*** TASK INPUTS ***
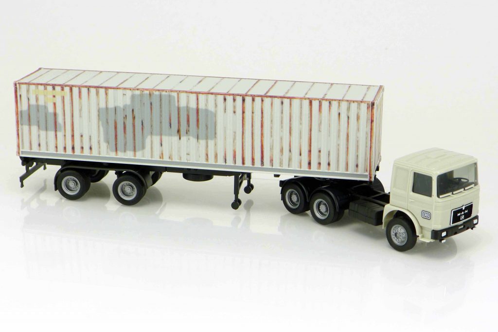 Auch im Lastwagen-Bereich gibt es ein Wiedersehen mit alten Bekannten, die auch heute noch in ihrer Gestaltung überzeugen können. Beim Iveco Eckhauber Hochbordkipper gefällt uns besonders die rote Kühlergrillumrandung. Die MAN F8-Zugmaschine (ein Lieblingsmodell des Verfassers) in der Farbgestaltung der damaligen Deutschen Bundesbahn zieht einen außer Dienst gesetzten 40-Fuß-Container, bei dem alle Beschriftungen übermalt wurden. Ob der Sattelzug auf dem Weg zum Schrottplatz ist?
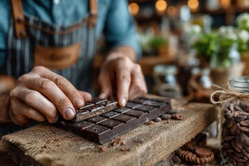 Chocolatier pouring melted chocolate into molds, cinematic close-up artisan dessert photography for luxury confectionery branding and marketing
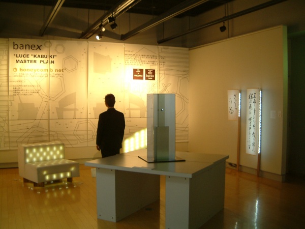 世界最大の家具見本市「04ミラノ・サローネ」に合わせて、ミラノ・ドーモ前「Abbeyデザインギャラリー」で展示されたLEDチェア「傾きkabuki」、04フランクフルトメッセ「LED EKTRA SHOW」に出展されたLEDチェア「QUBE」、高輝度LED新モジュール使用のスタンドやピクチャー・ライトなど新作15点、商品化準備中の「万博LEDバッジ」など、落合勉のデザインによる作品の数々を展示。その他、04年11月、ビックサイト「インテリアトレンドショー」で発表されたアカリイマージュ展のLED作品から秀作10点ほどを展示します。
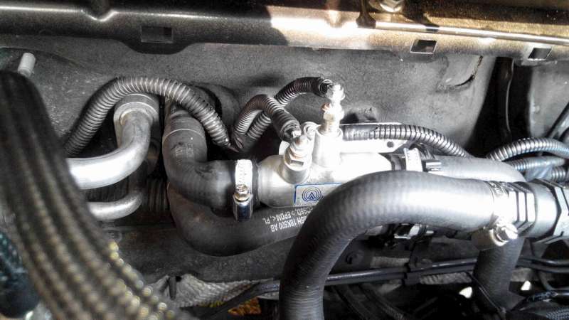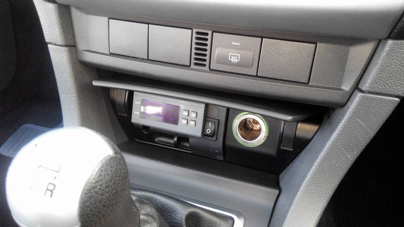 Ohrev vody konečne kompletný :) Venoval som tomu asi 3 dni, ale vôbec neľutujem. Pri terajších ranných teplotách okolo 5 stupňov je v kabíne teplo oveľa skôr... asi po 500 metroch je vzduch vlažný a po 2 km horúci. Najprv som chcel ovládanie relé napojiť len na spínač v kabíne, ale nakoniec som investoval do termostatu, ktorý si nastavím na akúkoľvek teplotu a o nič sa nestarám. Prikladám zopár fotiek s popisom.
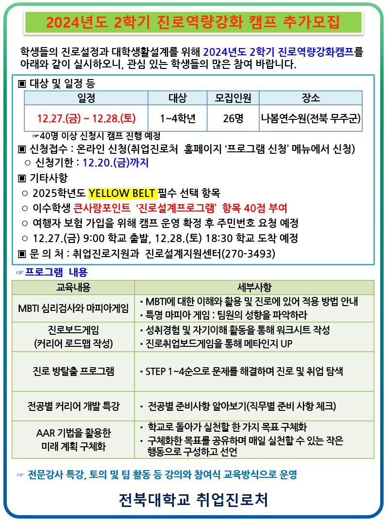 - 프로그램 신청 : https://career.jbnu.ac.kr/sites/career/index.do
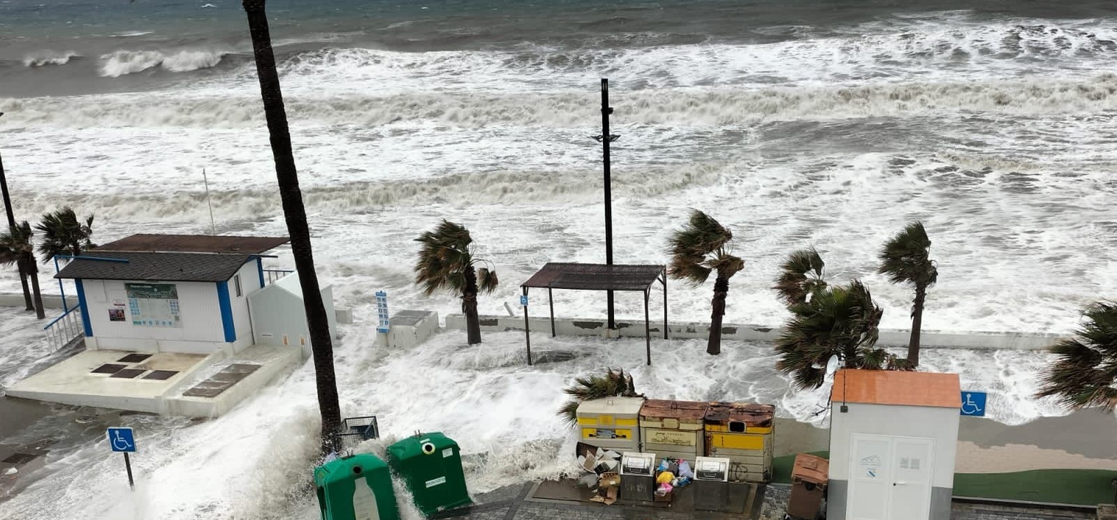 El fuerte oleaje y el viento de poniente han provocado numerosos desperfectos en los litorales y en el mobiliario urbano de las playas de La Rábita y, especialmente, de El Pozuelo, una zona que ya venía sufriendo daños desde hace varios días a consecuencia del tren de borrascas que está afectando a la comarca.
***
*** TASK INPUTS ***
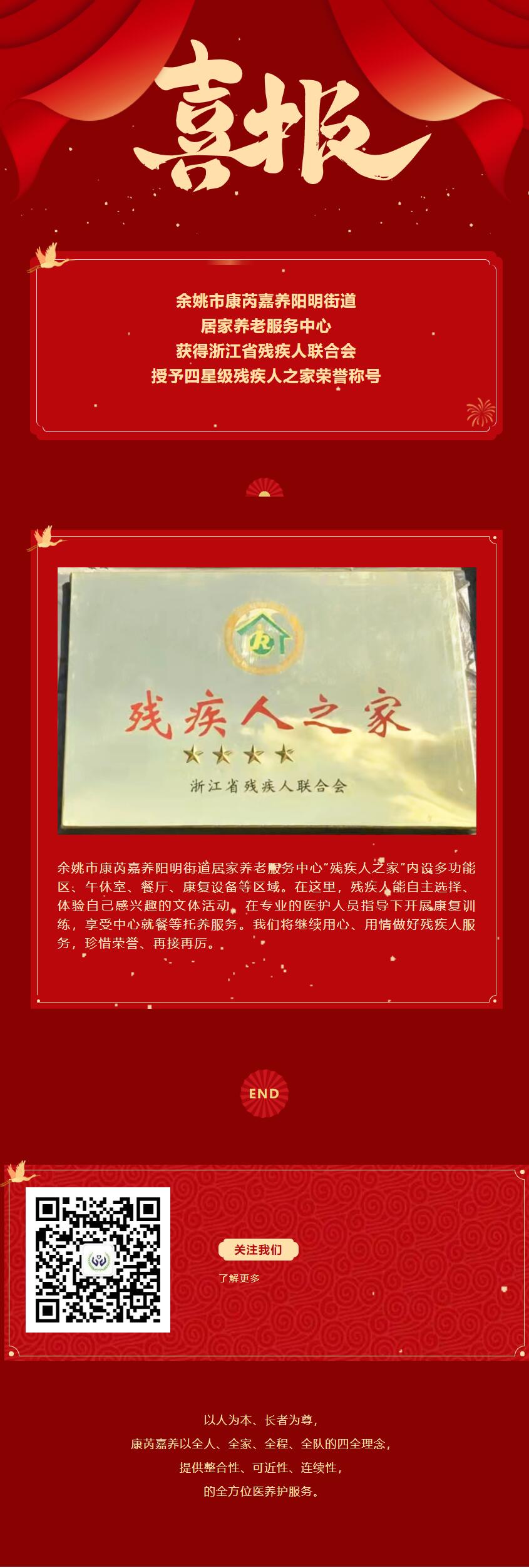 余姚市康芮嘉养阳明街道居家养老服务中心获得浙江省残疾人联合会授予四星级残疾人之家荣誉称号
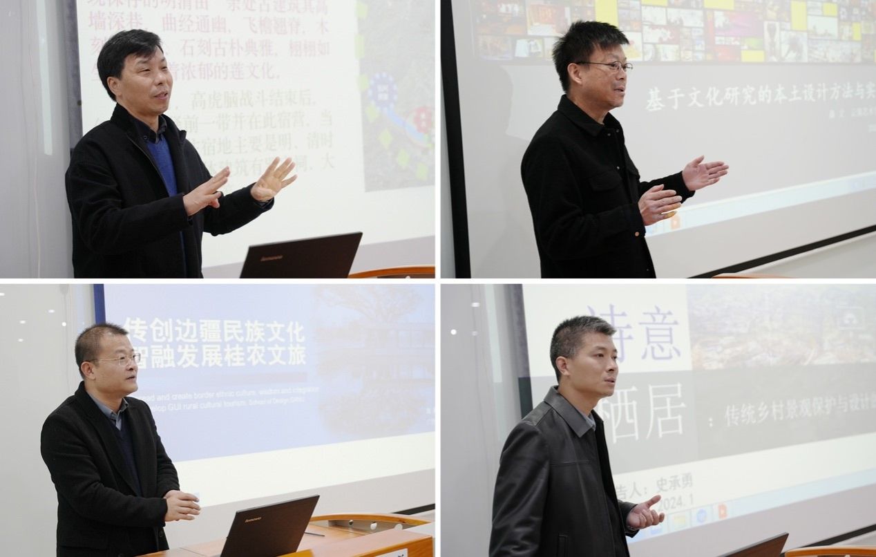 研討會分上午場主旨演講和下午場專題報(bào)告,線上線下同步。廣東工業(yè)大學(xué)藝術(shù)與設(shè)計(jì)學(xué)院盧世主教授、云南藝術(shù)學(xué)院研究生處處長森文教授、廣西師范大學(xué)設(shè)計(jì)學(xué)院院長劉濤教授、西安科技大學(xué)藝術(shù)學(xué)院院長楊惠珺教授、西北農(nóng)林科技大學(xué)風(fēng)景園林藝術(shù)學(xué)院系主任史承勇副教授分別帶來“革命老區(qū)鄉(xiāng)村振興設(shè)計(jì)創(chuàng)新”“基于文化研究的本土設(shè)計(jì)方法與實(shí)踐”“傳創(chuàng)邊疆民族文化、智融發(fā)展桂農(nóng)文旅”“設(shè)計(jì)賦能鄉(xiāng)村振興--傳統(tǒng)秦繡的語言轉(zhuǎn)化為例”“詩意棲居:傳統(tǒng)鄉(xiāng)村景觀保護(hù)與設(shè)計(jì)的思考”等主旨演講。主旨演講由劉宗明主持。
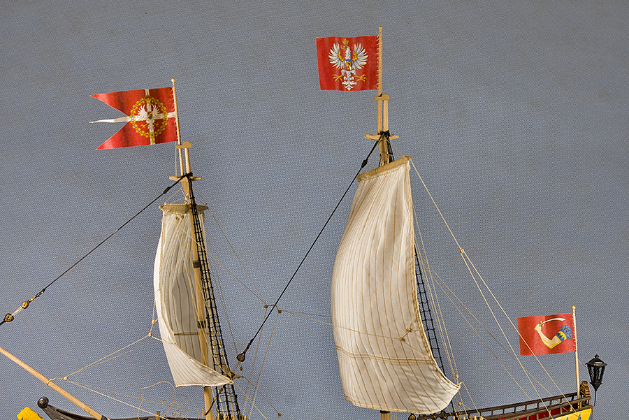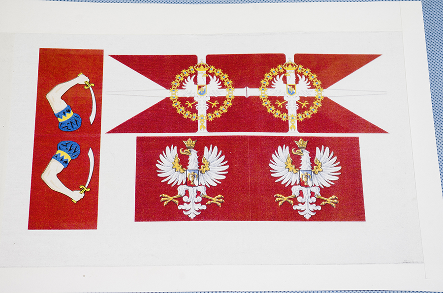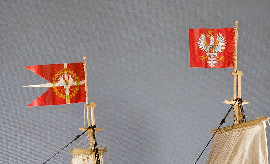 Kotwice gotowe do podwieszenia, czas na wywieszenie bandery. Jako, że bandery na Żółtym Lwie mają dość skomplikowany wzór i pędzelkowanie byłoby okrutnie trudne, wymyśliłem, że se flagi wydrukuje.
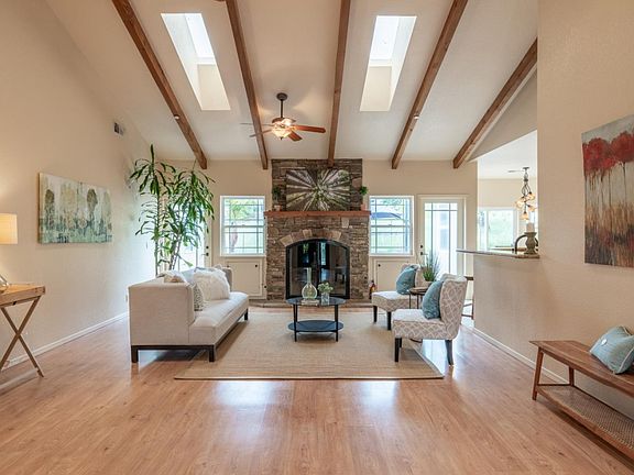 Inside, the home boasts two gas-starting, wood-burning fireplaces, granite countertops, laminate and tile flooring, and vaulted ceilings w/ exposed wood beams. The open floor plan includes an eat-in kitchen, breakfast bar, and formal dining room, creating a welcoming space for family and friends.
***
▶ EXERCISE REQUIREMENTS
Above are the records; restate exactly the lines from the one containing "Auch im Lastwagen-Bereich" through the one containing "El fuerte oleaje", keeping pictures out.

▶ EXPECTED OUTPUT
 Auch im Lastwagen-Bereich gibt es ein Wiedersehen mit alten Bekannten, die auch heute noch in ihrer Gestaltung überzeugen können. Beim Iveco Eckhauber Hochbordkipper gefällt uns besonders die rote Kühlergrillumrandung. Die MAN F8-Zugmaschine (ein Lieblingsmodell des Verfassers) in der Farbgestaltung der damaligen Deutschen Bundesbahn zieht einen außer Dienst gesetzten 40-Fuß-Container, bei dem alle Beschriftungen übermalt wurden. Ob der Sattelzug auf dem Weg zum Schrottplatz ist?
 Chocolatier pouring melted chocolate into molds, cinematic close-up artisan dessert photography for luxury confectionery branding and marketing
 世界最大の家具見本市「04ミラノ・サローネ」に合わせて、ミラノ・ドーモ前「Abbeyデザインギャラリー」で展示されたLEDチェア「傾きkabuki」、04フランクフルトメッセ「LED EKTRA SHOW」に出展されたLEDチェア「QUBE」、高輝度LED新モジュール使用のスタンドやピクチャー・ライトなど新作15点、商品化準備中の「万博LEDバッジ」など、落合勉のデザインによる作品の数々を展示。その他、04年11月、ビックサイト「インテリアトレンドショー」で発表されたアカリイマージュ展のLED作品から秀作10点ほどを展示します。
 Ohrev vody konečne kompletný :) Venoval som tomu asi 3 dni, ale vôbec neľutujem. Pri terajších ranných teplotách okolo 5 stupňov je v kabíne teplo oveľa skôr... asi po 500 metroch je vzduch vlažný a po 2 km horúci. Najprv som chcel ovládanie relé napojiť len na spínač v kabíne, ale nakoniec som investoval do termostatu, ktorý si nastavím na akúkoľvek teplotu a o nič sa nestarám. Prikladám zopár fotiek s popisom.
 - 프로그램 신청 : https://career.jbnu.ac.kr/sites/career/index.do
 El fuerte oleaje y el viento de poniente han provocado numerosos desperfectos en los litorales y en el mobiliario urbano de las playas de La Rábita y, especialmente, de El Pozuelo, una zona que ya venía sufriendo daños desde hace varios días a consecuencia del tren de borrascas que está afectando a la comarca.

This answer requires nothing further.